Di sebuah kafe dimana kami biasa nongkrong , ngopi sambil menikmati fasilitas hotspot di kafe tersebut, membicarakan apa saja yang berkelebat di pikiran kami, seorang teman yang lagi online tiba-tiba saja mendengus keras sambil menghempaskan punggungnya ke kursi. Terlihat ekpsreasi ketidaknyamanan di wajahnya. Ia gusar setengah mati.

“Ada apa?” tanya seorang teman sambil melihat tampilan di laptop teman tadi. Menampilkan situs sebuah media yang katanya “terpercaya’ di tanah air. Sekilas tak ada yang salah dari semua berita yang ditampilkan di situs itu. Setidaknya begitu pikiran kami.

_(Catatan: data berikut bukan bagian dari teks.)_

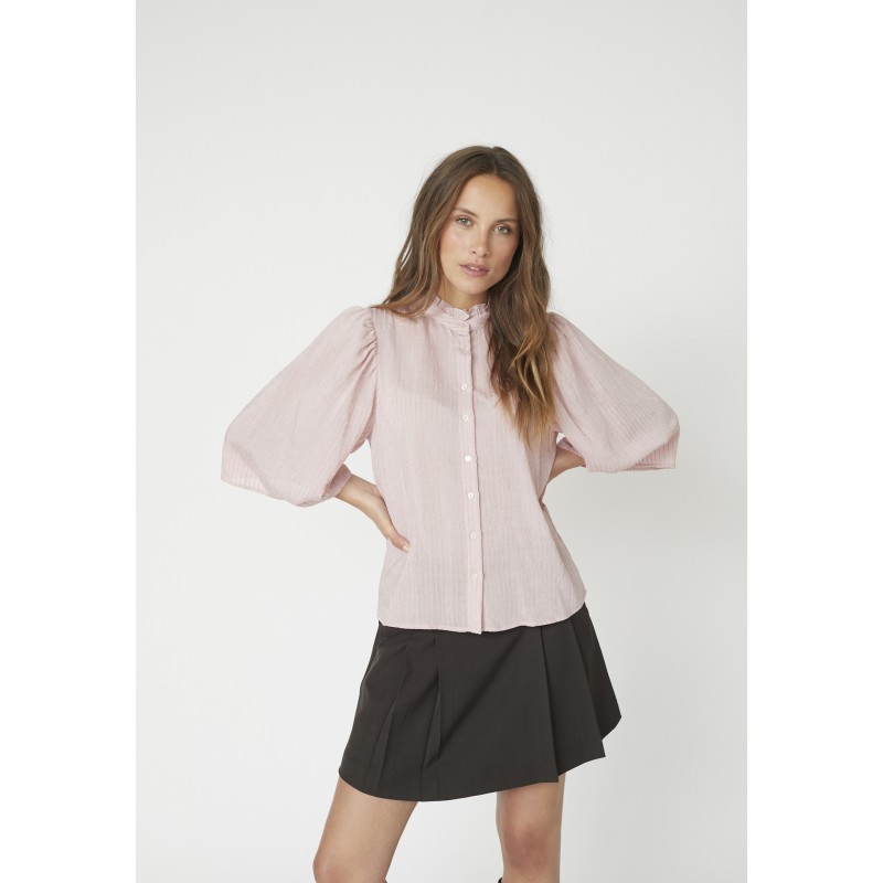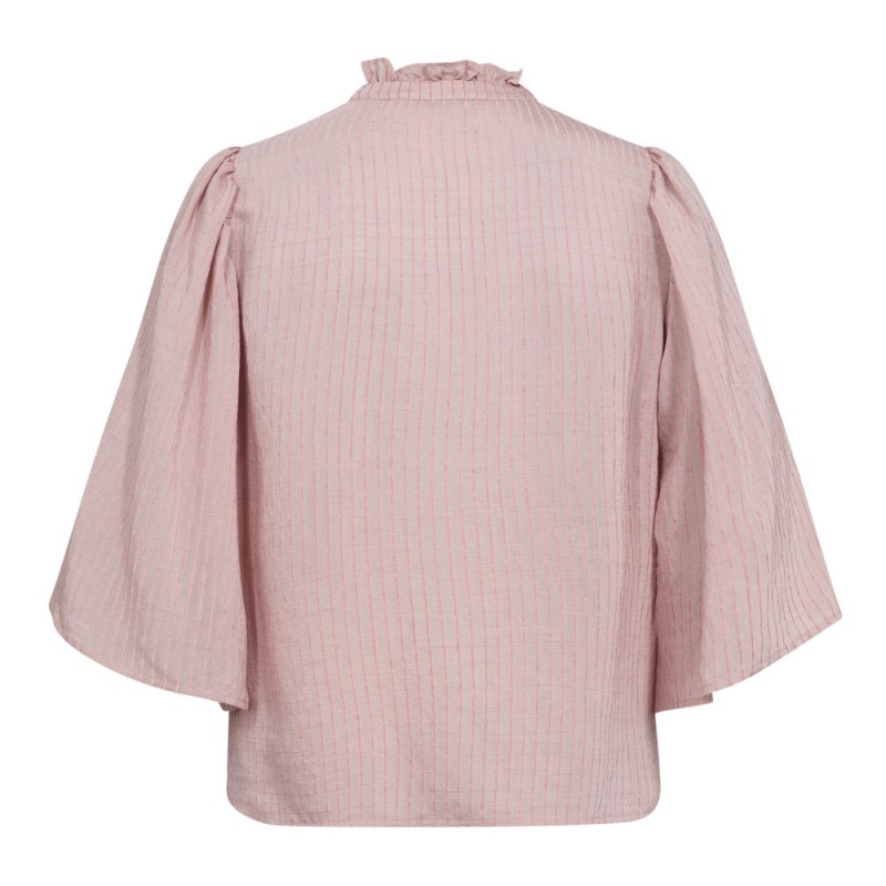 Fin og feminin lyserød skjorte, med en pink stribe. Viola skjorten har store 3/4 lange vinge ærmer, er gennemknappet foran og har en sød høj hals med flæser.

Tapi ternyata tidak bagi si teman ini.

“Dimana-mana berita kemenangan Pilpres,” katanya gusar.

“Apa yang salah dari pemberitaan itu?” tanyaku masih kebingungan. Tak ada yang kontraversi dari semua pemberitaan itu. Apa yang salah?

Menurutnya, pemberitaan seputar Pilpres, dimana disebutkan kemenangan di sejumlah TPS salah satu capres pemenang menurut versi Quick Count adalah salah. Setidaknya ada yang mencurigakan dari pemberitaan itu.

“Lihat saja,” katanya setengah berteriak, “Media lebih banyak menyebutkan kemenangan SBY di TPS-TPS tertentu, sementara untuk kedua kandidat lainnya jarang bahkan tak sedikit pun disebutkan. Apa kalian tidak melihat ada yang kurang beres dari semua pemberitaan itu?”

Hampir bersamaan kami menggeleng. Masih kurang yakin dengan cara beripikir teman yang sok jago menganalisis ini.
Menurutnya lagi, berbagai pemberitaan itu adalah sebuah upaya legitimasi secara tidak langsung atas kemenangan capres pemenang. Meskipun kemenangan itu sebenarnya belum legitimated. Secara tidak langsung para media ini telah menggiring opini kita bahwa capres pemenang itu memang layak jadi pemenang, tanpa harus menunggu keputusan KPU terlebih dahulu. Bukankah ini sebuah upaya sistematis yang patut dicurigai.

Kami masih belum yakin dengan argument teman tadi. Lalu ia menjelaskan berbagai teori media, termasuk tentang pendekatan analisis wacana dan framing dalam menilai sepak terjang media. Tak lupa ia menceritakan bagaimana media TV menyiarkan hasil Quick Count meski waktu perhitungan belum lagi dimulai jika melihat dari jadwal yang ada, dan bagaimana ketidaketisan dari pemberitaan itu. Dan tak lupa ia memaparkan penjelasan seorang menteri tentang kemenangan SBY di atas 60%, meski Quick Count sendiri belum dirilis hasilnya.

Di akhir kotbahnya, ia tiba-tiba bertanya dengan setengah menohok: “Menurut kalian berpihak kemana sebenarnya media kita ini?”

Tak ada yang bersuara. Setengah dari kami masih sibuk mencerna teman tadi, setengah lagi masih bengong berusaha memahami apa yang sebenarnya tengah didiskusikan.

Saya menggeleng. Tidak tahu. Bingung. Tapi kemudian saya berusaha tersenyum. Sejumlah teman yang tampaknya sudah sedikit paham juga tersenyum serupa. Tak ada yang berusaha mengajukan argument. Mungkin bingung bagaimana memulainya.

Lalu, teman itu dengan sedikit sinis dan juga miris berkata: “Apa kalian memikirkan seperti apa yang saya pikirkan?”

Kami masih tersenyum-senyum, setengah mengiyakan, setengah bingung, setengah menduga-duga.